Regional Infrastructure and Cooperation

To make all this work, solid connections are crucial:

 

  • Rail upgrades: revamping tracks from Paysandú to Montevideo’s port for smooth fuel shipments.
  • Grid interconnections: tying the plant’s renewables into both Uruguay’s and Argentina’s power networks.
  • Pipeline corridors: early talks around CO₂ supply lines and export routes for synthetic fuels across the region.

These pieces will lock Paysandú into a larger hydrogen infrastructure map, boosting resilience and widening market access.

 

Market Outlook and Scaling Potential

With Europe’s Emissions Trading System tightening and carbon markets maturing, demand for carbon-neutral fuels is only climbing. HIF Global’s gigawatt-scale, modular blueprint is built for easy replication—just drop in standardized electrolyzers and synthesis loops wherever they’re needed.

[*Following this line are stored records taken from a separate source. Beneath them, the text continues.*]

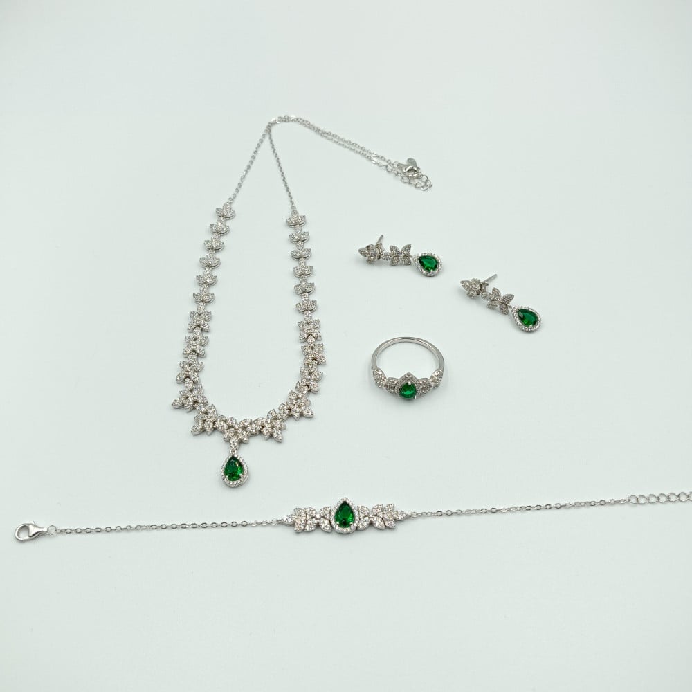 طقم مناسبات مرصع بالكريستال الأخضر فضة صافي عيار 925
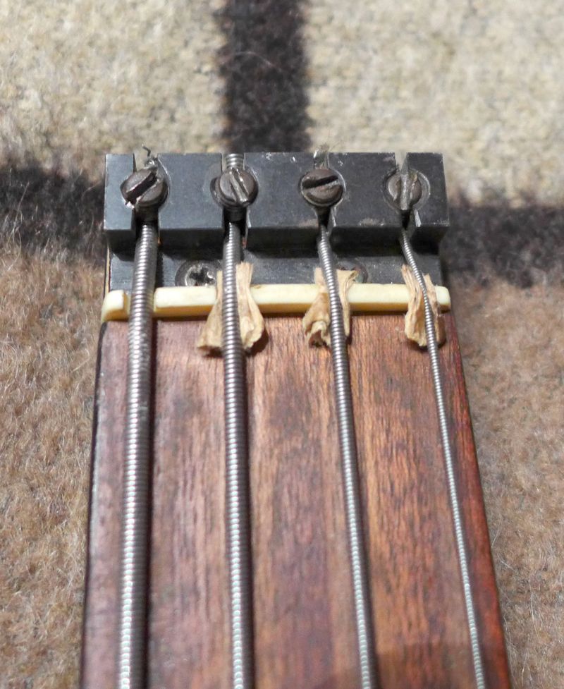 Крепление струн. Опять бумажки в помощь. Видимо, порожек под замену. Пойти костей накупить?
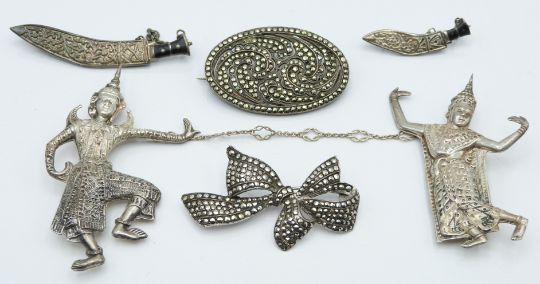 Two Siam silver brooches depicting deities, a silver pendant depicting a mask, white metal knife brooches, two silver and marcasite brooches and a silver necklace and two pairs of silver earrings all set with marcasite, 93g
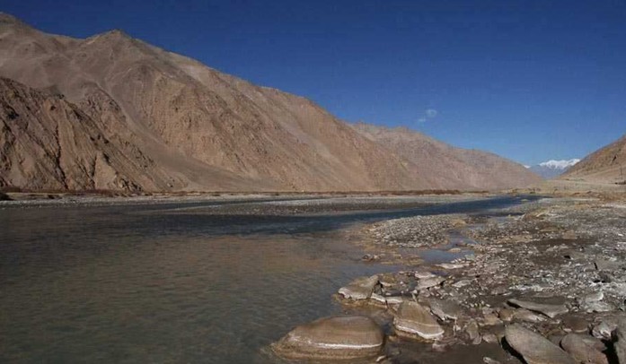 墨玉河亦稱喀拉喀什河,因出產(chǎn)墨玉而得名,生產(chǎn)的墨玉是雕琢玉器的上等玉米。墨玉河發(fā)源于喀喇昆侖山,全長(zhǎng)808公里,墨玉河自西南向北流經(jīng)墨玉綠洲,在闊什塔什與白玉河匯流成和田河。墨玉河年徑流量21.9億立米,灌區(qū)有6.7萬(wàn)公頃耕地,53萬(wàn)人受益。墨玉河與白玉河都是和田最大的河流。為更好地利用水資源,80年代分別在墨玉河和白玉汀上游修建了渠首。
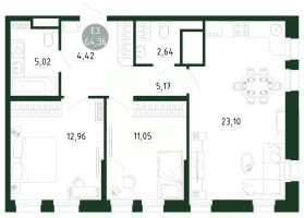 Продаётся 2-комнатная квартира в строящемся доме (Позиция 2), срок сдачи: III-кв. 2029, общей площадью 64.24 кв.м., на 1 этаже. Новый жилой комплекс в г. Тула "Платон Парк" от застройщика ООО "СЗ "МОНОЛИТ""
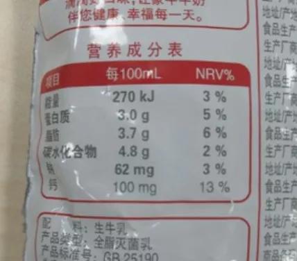 另外,从热量上来看,一袋200mL牛奶,全脂和脱脂的热量差值约为62kcal。如下图:
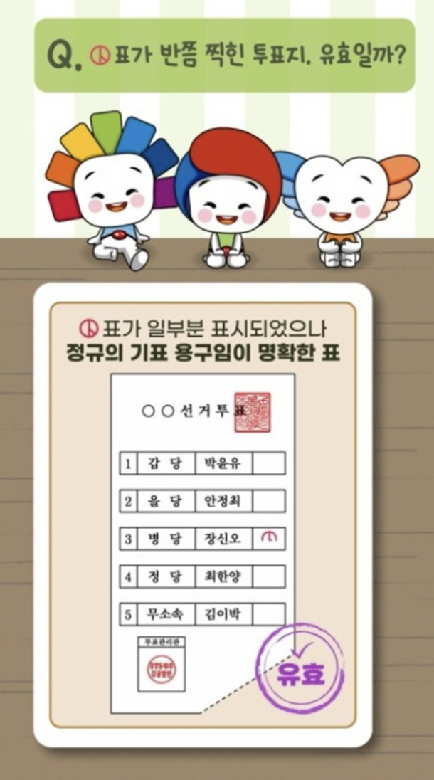 - 복수 기표: 하나의 투표용지에 두 명 이상의 후보자에게 기표할 경우 무효표로 처리됩니다.
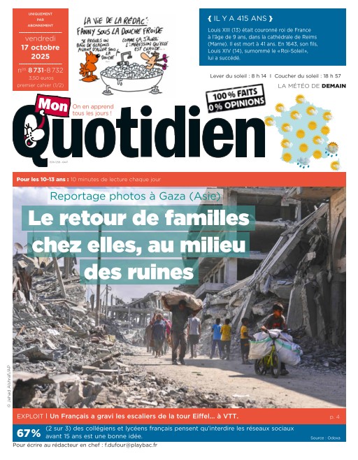 Mon Quotidien informe les jeunes lecteurs avec des actualités adaptées et des articles éducatifs, favorisant leur curiosité et leur compréhension du monde. Inclus dans l’abonnement Cafeyn Premium, ce journal est parfait pour initier les enfants à l’actualité. Abonnez-vous via Cafeyn pour éveiller leur esprit critique.
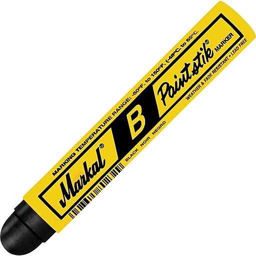 As Markal’s most versatile and economic marker, the original B Paintstik solid paint marker combines the durability of paint in the convenience of a crayon. The real paint formula has superior marking performance on oily, icy, wet, dry or cold surfaces and is weather- and UV-resistant. This Paintstik works on rough, rusty, smooth, or dirty surfaces. For use on multiple surfaces. Industrial-grade paint in convenient stick form. Solid marker eliminates worn-out tips, ideal for rough surfaces. Xylene-free, low VOC formula safe for glass, metals, plastic, wood, concrete. California Prop 65 approved; no harmful chemicals. Sold 12 markers per carton. Sold As 12/Box.
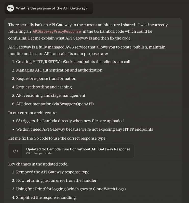 - Build an easily deployable serverless/event driven architecture that leverages Amazon Bedrock's Invocation Logs stored on S3. (I'll do this first)
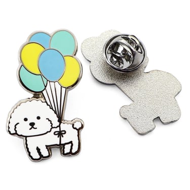 Discover our collection of pins, badges, and fridge magnets crafted with exquisite soft enamel technology. Take a look at this adorable brooch featuring a cute poodle holding colorful balloons, a perfect example of our fine craftsmanship. The soft enamel process gives each piece vibrant, long - lasting colors and a smooth, slightly recessed finish that not only looks appealing but also adds to the durability.

Beyond e-gasoline, the same setup can produce methanol or sustainable aviation fuels (SAFs), spreading risk across multiple product lines. As industries face mounting pressure for industrial decarbonization, these diverse revenue streams could spark a wave of export hubs throughout South America.

 

Timeline and Next Steps

Here’s the play-by-play:

 

  1. Q4 2025: Switch on the pilot DAC unit to capture 600 t/yr of CO₂.
  2. 2026: Break ground on the main electrolysis and synthesis plant.
  3. 2028: Deliver the first e-fuels batches to Porsche and eFuel One.
  4. 2029–2030: Explore a phase-two expansion to push capacity beyond initial targets.

A set of joint committees—made up of government and HIF Global reps—will keep tabs on environmental compliance, draw down financing tranches, and align infrastructure rollouts with industrial decarbonization and ESG goals at every step.

 

About HIF Global

HIF Global is a front-runner in producing e-fuels from green hydrogen and captured CO₂. With operational sites in Chile and Uruguay and plans for the U.S. and Australia, they’re teaming up with major automotive and energy players to drive the industrial decarbonization revolution.